Before this trip, I read an article by a female journalist who had lived in Dhaka. The piece was all about her and her Orna. While she didn’t wear the traditional “shalwar kameez” (baggy pants with tapered ankles and a long loose top over them) she did embrace the orna and wore it each day.
The orna’s purpose is to disguise the female form. It hangs in a u-shape across the chest then loose over the back of each shoulder. The journalist wrote of her constant battle with her orna – finding it lopsided, falling off one shoulder or trailing along in the dirt behind her. I read this and thought, “hasn’t she heard of a safety pin?”
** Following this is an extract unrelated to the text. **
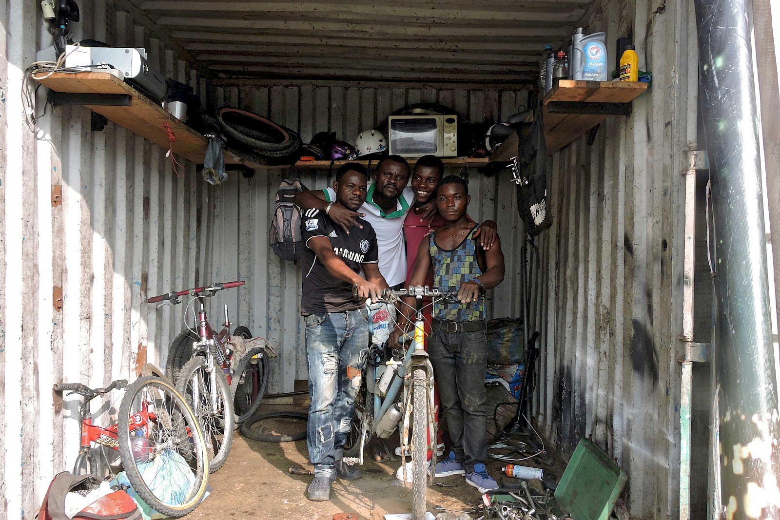 Danach kamen wieder eher unproblematische Länder, Kamerun und Gabun. Auch Congo Brazzaville ist problemlos mit guten neuen Straßen. Durch Kongo Kinshasa hatte ich mir die kürzeste Strecke gewählt, von Kinshasa nach Angola, das waren etwa 240 Kilometer. Am Anfang war es noch gut geteert, danach konnte man kaum noch von Straße sprechen.Trotz der Armut habe ich auch hier sehr nette und gastfreundliche Leute kennengelernt.

So, full of “I’ve got this orna business” and armed with safety pins, I donned this long piece of material across my shoulders and chest. Easy, right? Wrong! “Just pin it,” she said. Easier said than done, standing in darkness thanks to a blown fuse, trying to reign in this unruly fabric that kept sliding all over the place. I am convinced it had a mind of its own! I spent that entire first day tucking and readjusting my orna as it kept flicking back over my shoulder. Even my son tried to keep it in place for me!
Orna 1. Sonia 0.
The next day I tried to gather it up more when I pinned it. Several stealthy stalkings of other women in Dhaka revealed a possible hint… Pin it behind the shoulder! That seems to minimise the slippage but I still do not look as natural and composed as these women do. Something to aspire to, perhaps?
Maybe I just need more practice. Fortunately we have another four days here in Bangladesh, so another four days with my orna.